Они молча перебрались в дедов кабинет. Угрюмый лакей принес корзину с запыленными бутылками, но Ойген покачал головой и послал драгуна за своей флягой. У другого это выглядело бы оскорблением, у Райнштайнера — обычной предосторожностью.
— Герцог, — бергер на треть наполнил стаканы чем-то темным и пахнущим горечью, — эта комната прослушиваема?
— Насколько мне известно, нет.
— В таком случае прошу, — Райнштайнер указал на стол, заставленный холодными закусками. — Я налил нам настойку темной полыни.
В моей родине это весьма любимый напиток. В малых количествах он благотворно действует на желудок и на голову.
— В таком случае его следует пить всем, — не выдержал Робер. — Наши головы нужно лечить, и немедленно.
— Не могу не согласиться, — медленно произнес барон. — Должен вам заметить, Эпинэ, вы не могли выбрать худшего времени, чтобы вернуться.
— Не вы первый мне об этом говорите, — усмехнулся Робер, поднимая стакан.
— Я должен увозить вас из Эпинэ как можно быстрее, — сообщил барон, умело разрезая оленину. — Глупость, благородство и золото способны творить чудеса даже по отдельности, но когда они объединяются, мир оказывается на краю.
— Я не совсем вас понимаю.
— Готов пояснить. Глупость Манриков, благородство таких, как вы, и гайифское золото могут породить зверя, который пожрет многих и многих, хотя вы, без сомнения, не разделяете моего мнения.
«Без сомнения»… Это Райнштайнеры живут без сомнений. Ненависть бергеров к Гаунау и Дриксен — залог их верности Олларам. Альдо тоже не сомневается, и дед не сомневался, а Эгмонт? Он сделал, что от него требовали, но ни веры в победу, ни уверенности в своей правоте у бедняги не было. А Эгмонт не жил в Агарисе и не воевал в Сагранне…
— Я понимаю, что вы не имеете особого желания говорить, — Ойген Райнштайнер отхлебнул своей настойки, — тогда буду говорить я. Я хочу, чтобы вы понимали мою позицию.
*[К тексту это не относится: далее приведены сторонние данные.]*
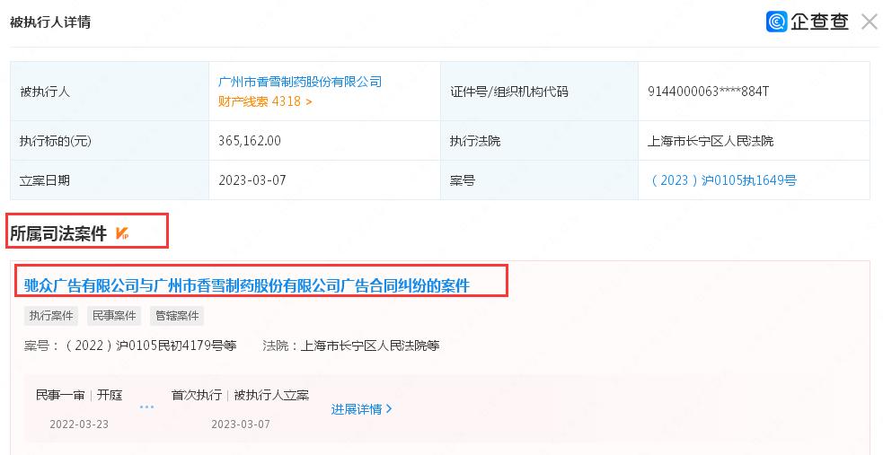 企查查顯示,上述被執(zhí)行信息,所屬司法案件涉及《馳眾廣告有限公司與廣州市香雪制藥股份有限公司廣告合同糾紛的案件》。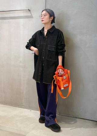 メンズライクなオーバサイズが抜け感たっぷりに着こなせます。しっかりしたデニムですが程よく柔らかく、肌から離れ過ぎない生地が扱い易いです。アウターとしても◎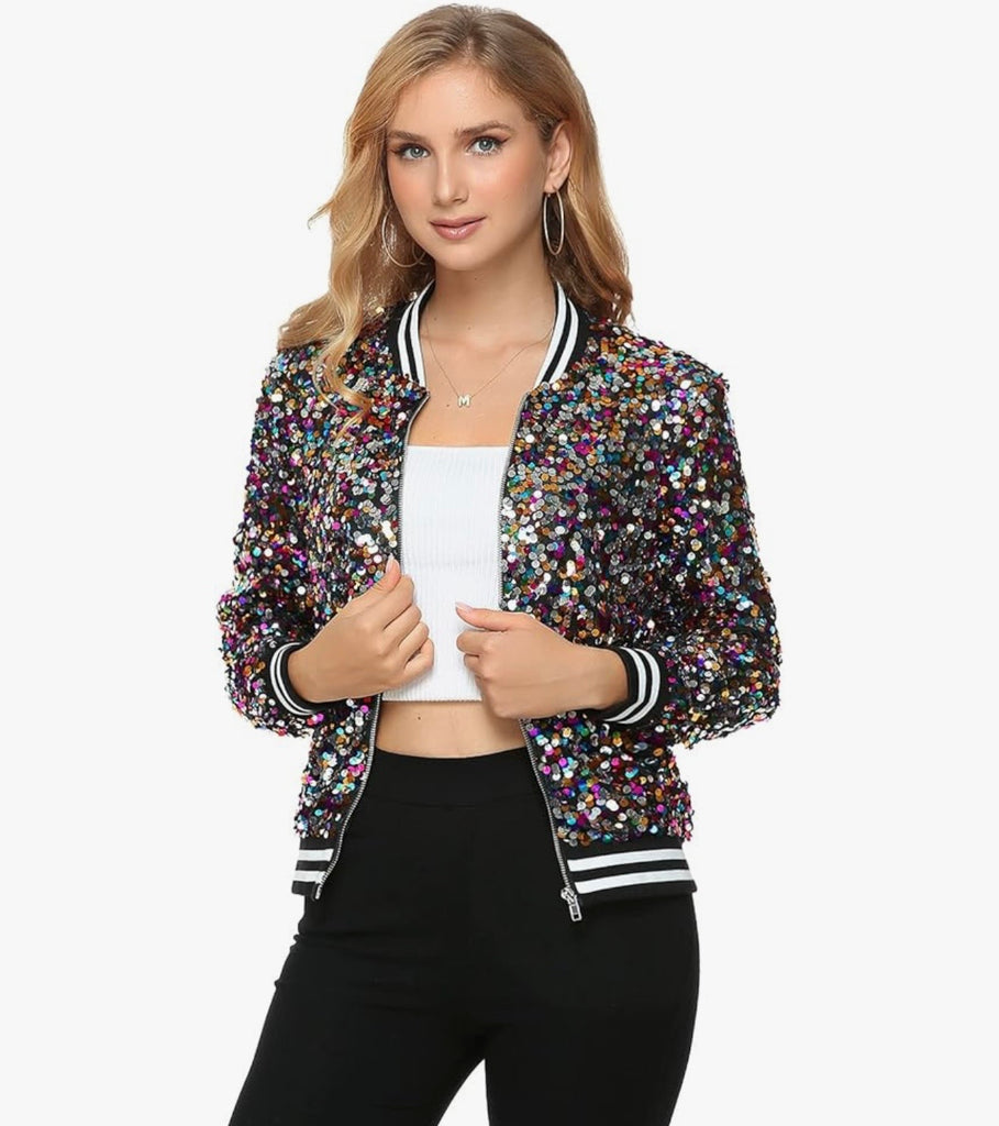 Shine bright in this dazzling women’s sequin bomber jacket, designed to make you stand out wherever you go. The open front zipper closure, ribbed collar, cuffs, and hem add a touch of modern edge to its timeless silhouette. Crafted from colorful, high-quality fabrics with a soft and comfortable lining, this jacket combines style and comfort effortlessly.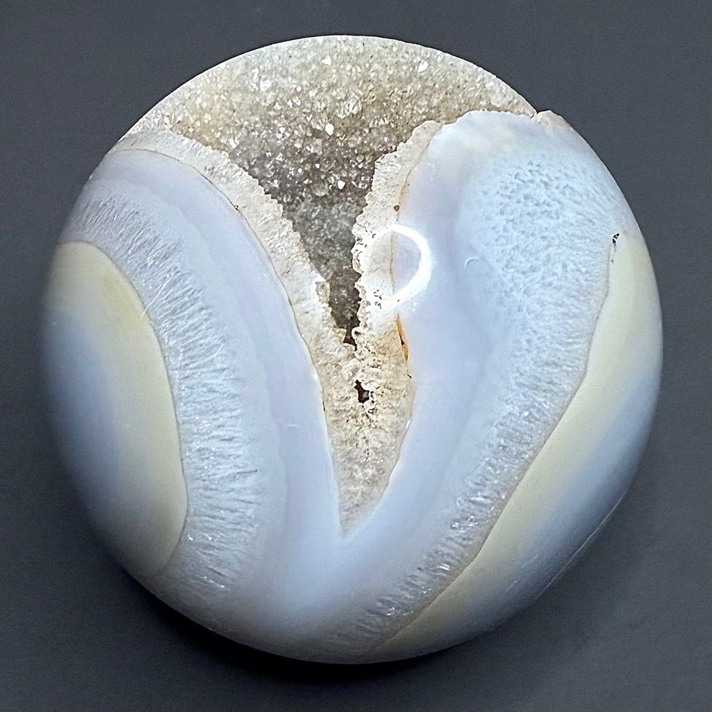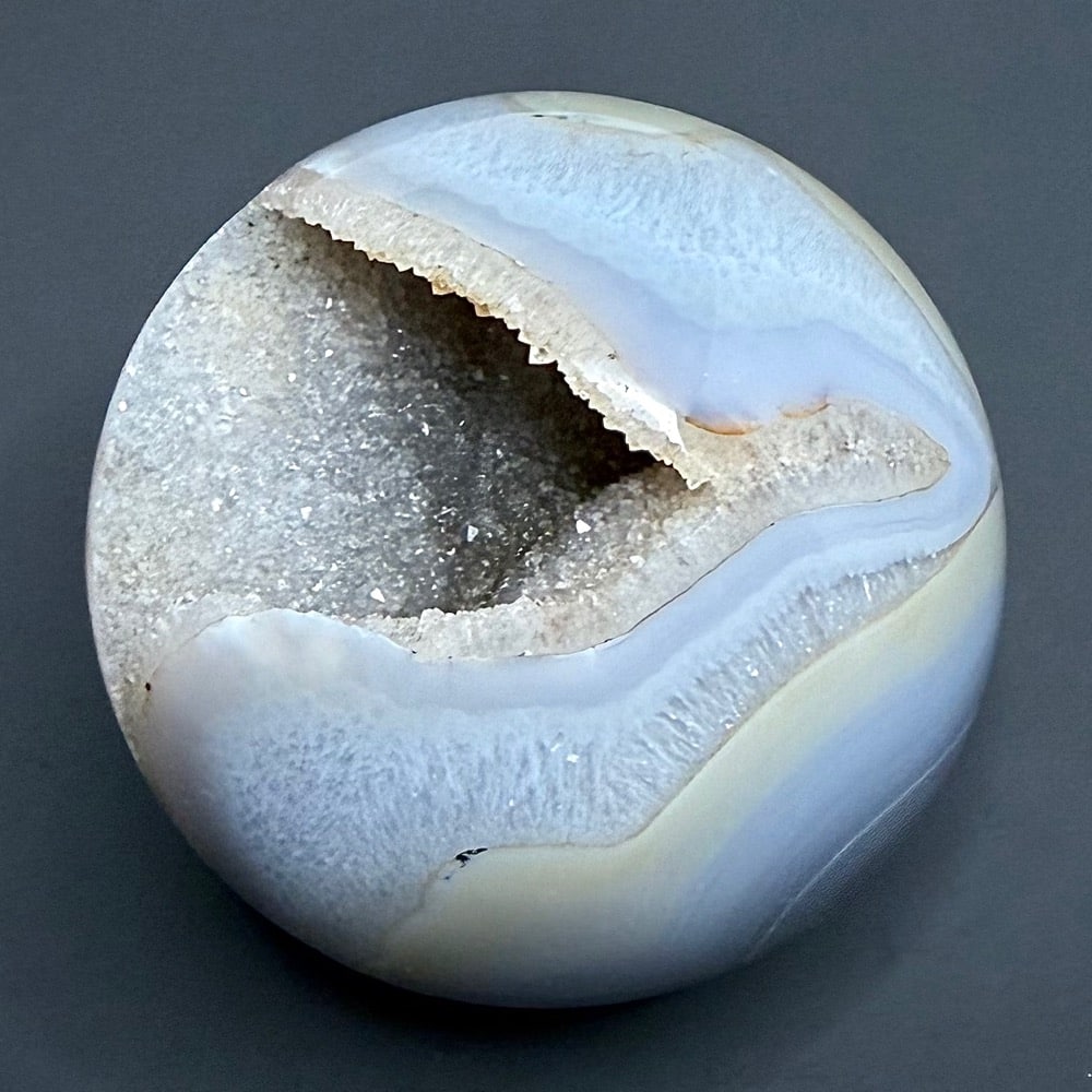Agates mostly occur as nodules in volcanic rocks or waters containing silica in solution possibly derived from the decomposition of silicates in the lava. The siliceous matter is deposited in regular layers resulting in the banded or striped formation.

Бергер уставился на Робера, и тот устало кивнул. Пусть говорит, о чем хочет.
— Я видел прошлой зимой генерала Вейзеля, он состоит в родстве с моей матерью, урожденной фок Ротшпейер. Господин генерал любезно рассказал мне о кагетской военной кампании. Это было произведение искусства.
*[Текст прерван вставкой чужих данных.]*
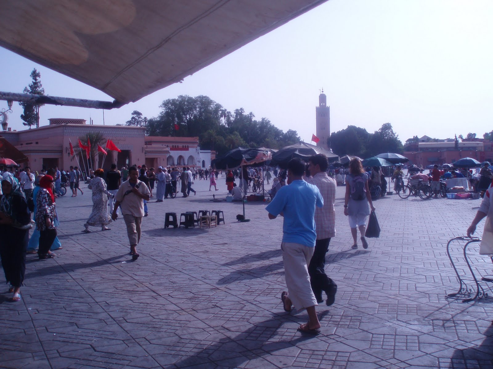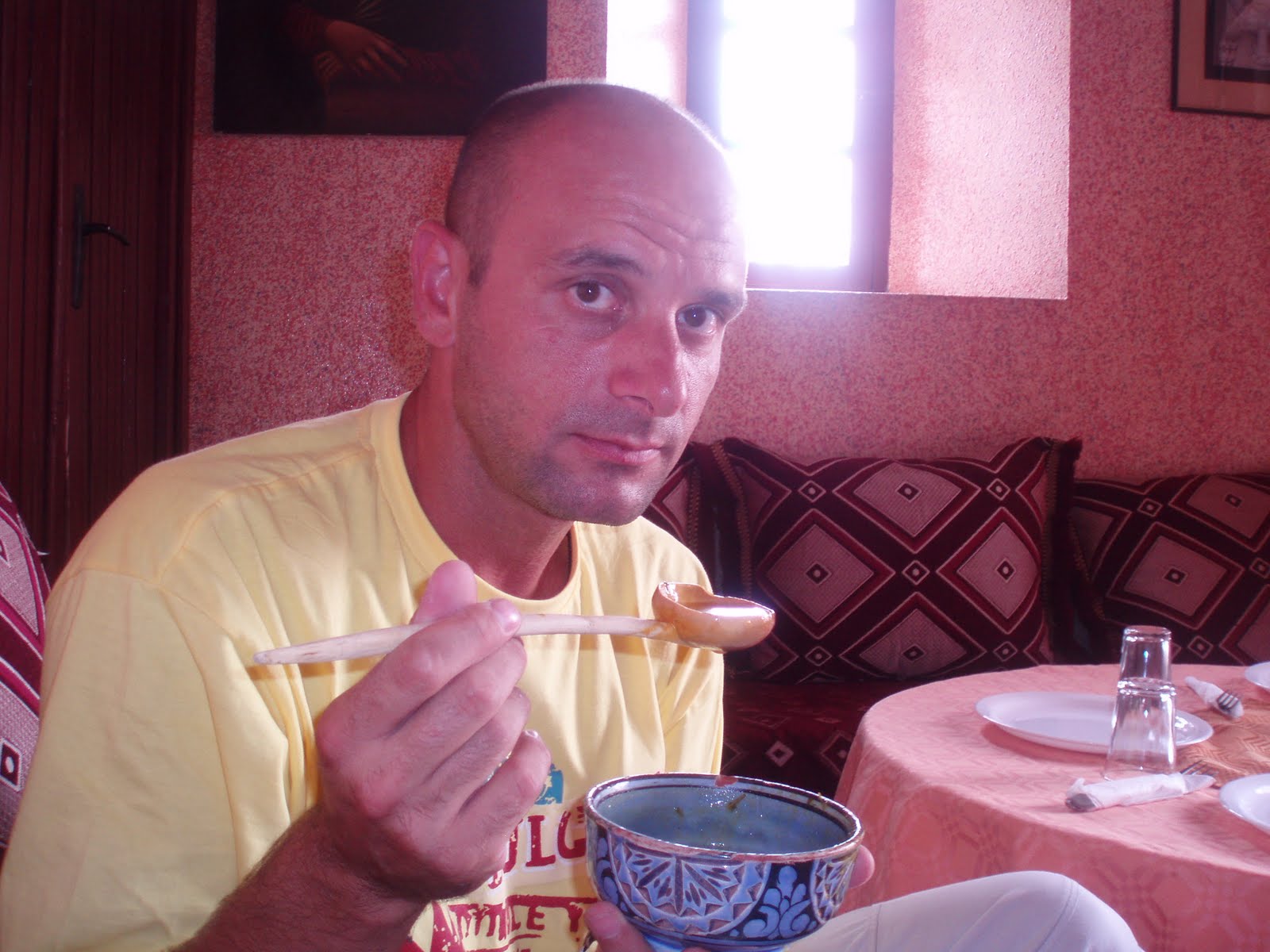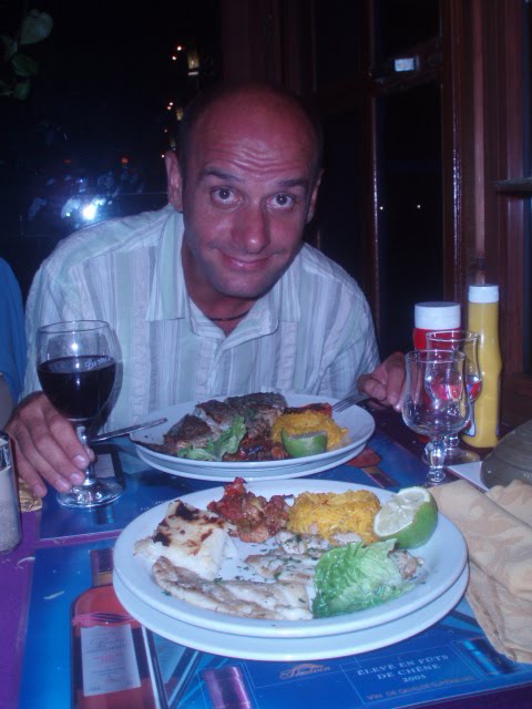 I ttakose mi uvalimo na neki bračni krevet na katu i lagana nirvana. Ujutro nas naravno u 5 ubije ona deračina s obližnjeg minareta i poziv na molitvu. Na to se ne navikneš ni nakon 8 dana. Odemo malo u okolicu izvidit situaciju, nađemo neku pekarnicu sa simpatičnom vlasnicom koja nam doručak naplati tak malo da nismo mogli vjerovat( naravno da nam je njezin muž to isto sutra naplatil, duplo skuplje, pa smo zaključili da je najbolje kupovat kod žena jer nisu kvarne:-) a frajeri bi ti ko turistu skinuli kožu.). Nakon finih peciva( rijetka dobra stvar koju su naslijedili od Francuza) popili smo kavu s našim domaćinom, bucmastim, rudlavim polu arapom polu francuzom, surferom koji nam je malo objasnilo što se događa i potvrdo da možemo ostat kolko hoćemo i kad odlazimo nek samo zalupimo vrata za sobom. To je gostoljubivost. Naravno da smo odmah pozvali, babe, tetke rodbinu, djecu da se svi uvalimo kad niš ne košta- zajebavam se al nije da nam nije palo na pamet da malo produžimo boravak, e da se mogla mijenjat karta za avion još bi sad tamo bili.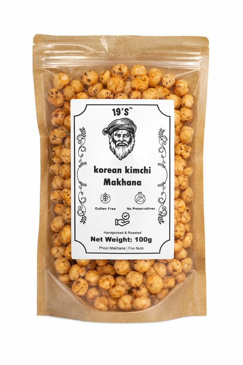19's Korean Kimchi Makhana, Gluten Free, No Preservatives, Handpicked & Roasted Fox Nuts, 100g

С точки зрения Райнштайнера, безусловно, но Робер никогда не забудет заляпанную грязью глыбу и торчащие из-под нее женские ноги, лохмотья и цепь. «Шил, шил шила, киска крыску задушила…»
— Я преклоняюсь перед военным гением маршала Алвы, — сообщил барон Райнштайнер, — но я не доверяю тому, что он говорит. Рокэ Алва обманывает всех. И тех, кто ищет в нем все известные церкви грехи и пороки, и тех, кто на него молится. Первый маршал Талига совершенно вменяем и ничего не делает зря. Он отпустил вас, вызвав тем самым цепь событий. Одно из них — ваше возвращение в неблагонадежную провинцию.
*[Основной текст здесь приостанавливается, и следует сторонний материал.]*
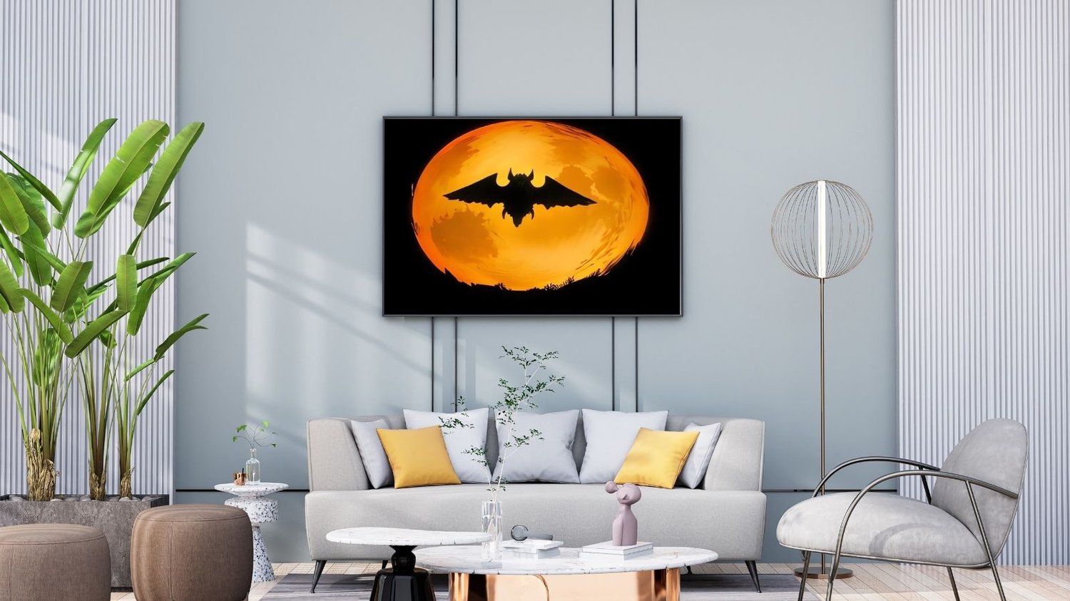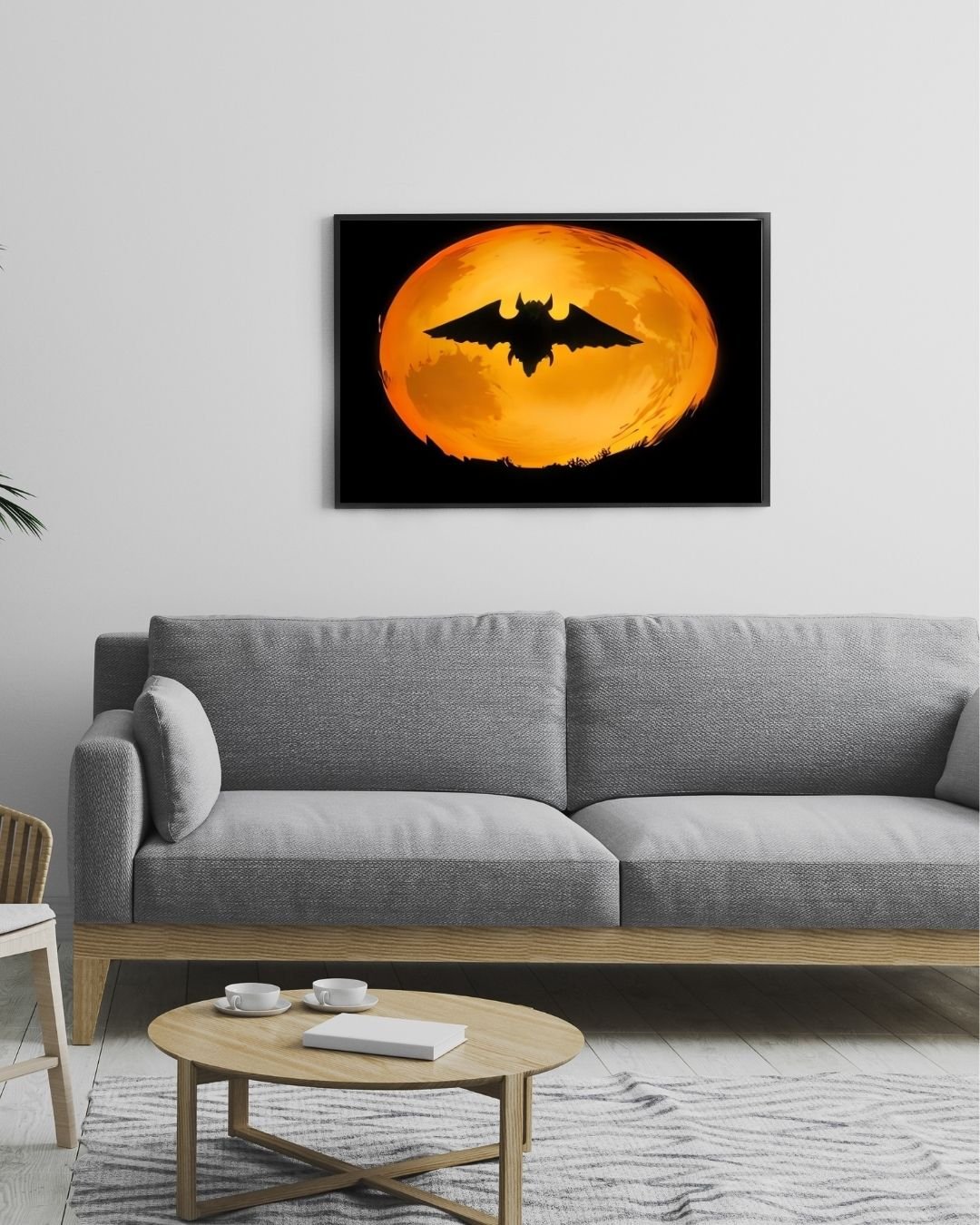 Bring a touch of eerie elegance to your Halloween celebration with this stunning digital print. A dramatic full moon and a flying bat silhouette create a hauntingly beautiful scene that instantly captures the spirit of the season.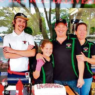 Celebrating their reopening in 2014 with long time employee Mitch Hayley helping her dad

— Вы можете мне не верить, барон, но я не сторонник восстания.
— Отчего же, — какие у Ойгена холодные глаза, еще холодней, чем у Придда. — Я готов поверить, что вы не имеете дурных намерений, но ваше присутствие в Эпинэ весьма нежелательно. Более того, хотите вы или нет, вы подталкиваете противников его величества к действиям.
Барон прав, он заложник покойного деда, потому его и выманили в Талиг.